## EXERCISE AIM:
Please restate exactly the lines from the one holding "Дорадо пожаренный на" to the end of the material, including both ends and excluding every picture.

## SUPPLIED RECORDS:
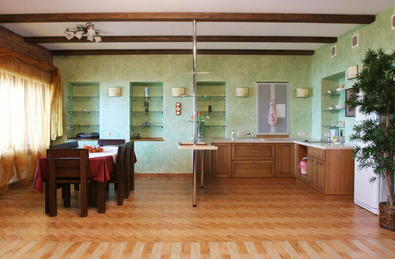 Большой комфортный коттедж для отдыха с продуманной инфраструктурой: кухней, тремя спальнями, сауной с бассейном.
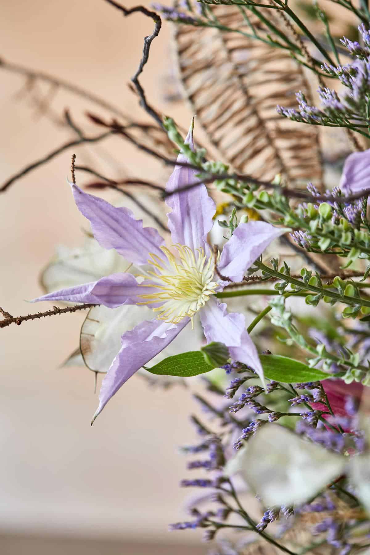 Pflanzliche Werkstoffe: (Marginpar) Strandflieder – Limonium ‚Skylight‘, Waldrebe – Clematis Amazing® ‚Havana‘, Waldrebe – Clematis Amazing® ‚London‘, Plattährengras – Chasmanthium Latifolium ‚Mantis‘, Distel – Eryngium ‚Magnetar Questar®‘, Wilde Möhre – Daucus carota ‚Dara‘, Glockenblume – Campanula medium ‚Champion Lavender‘, Helmkraut – Scutellaria ‚Tinkerbell‘, Äste, Lenzrose – Helleborus orientalis (Verboom)
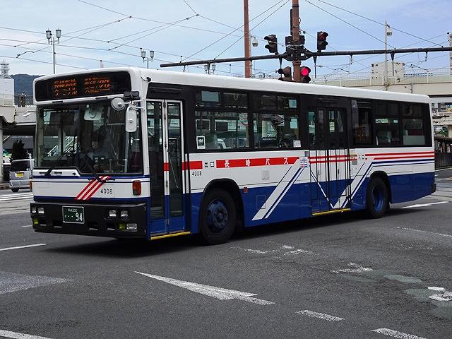 三菱ふそう車も純正ボディと西工ボディを並行して導入しています。日野車が標準尺車と長尺車を導入しているのに対し、三菱ふそう車は標準尺車と短尺車を導入しています。00年に導入した短尺の西工ボディ車。ちなみに西工ボディで上部開閉側面窓の車両はツーステップ車もブロンズサッシを採用しています。
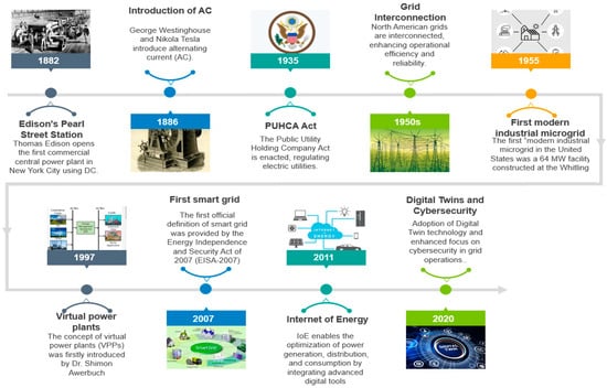The development of the electric grid showcases a long-standing process of innovation and technological advancement. It began with the straightforward direct current (DC) systems that Thomas Edison launched in 1882 at the Pearl Street Station in New York City. This evolution has led to the intricate smart and virtual power systems that we utilize today [65]. Despite DC’s limitations in transmission distance and efficiency, the transition to alternating current (AC) systems, pioneered by Nikola Tesla and George Westinghouse, allowed for more efficient transmission over long distances and set the stage for modern electricity distribution starting in 1886 [66].
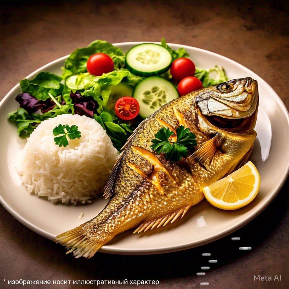 Дорадо пожаренный на гриле,ароматный рис Басмати,фирменный свежий салат, лепёшка из тандыра.А фирменный соус добавит блюду пикантности.
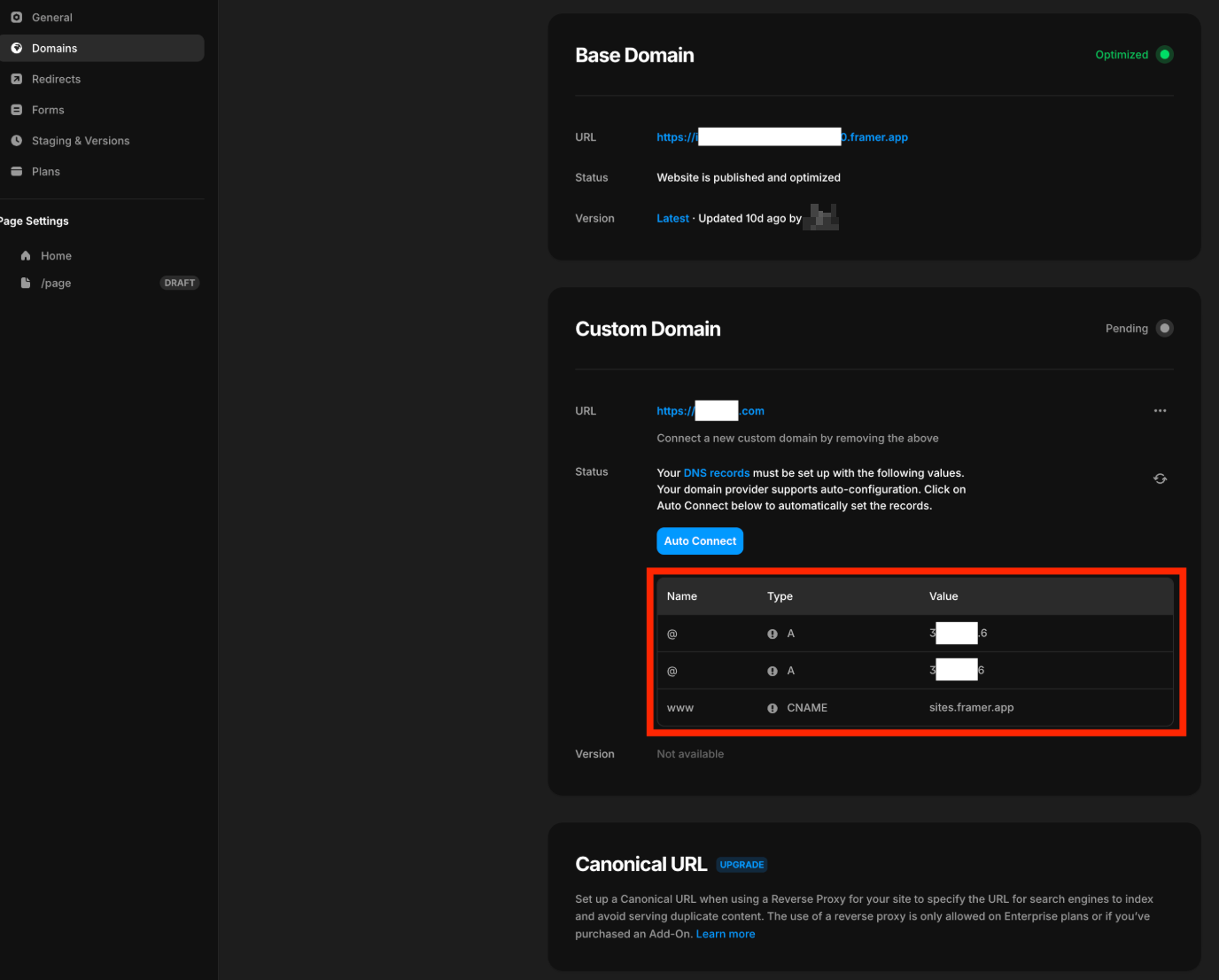 - Framer 의 custom domain 은 proxy 연결을 지원하지 않는다.

## WRITTEN REPLY:
 Дорадо пожаренный на гриле,ароматный рис Басмати,фирменный свежий салат, лепёшка из тандыра.А фирменный соус добавит блюду пикантности.
 - Framer 의 custom domain 은 proxy 연결을 지원하지 않는다.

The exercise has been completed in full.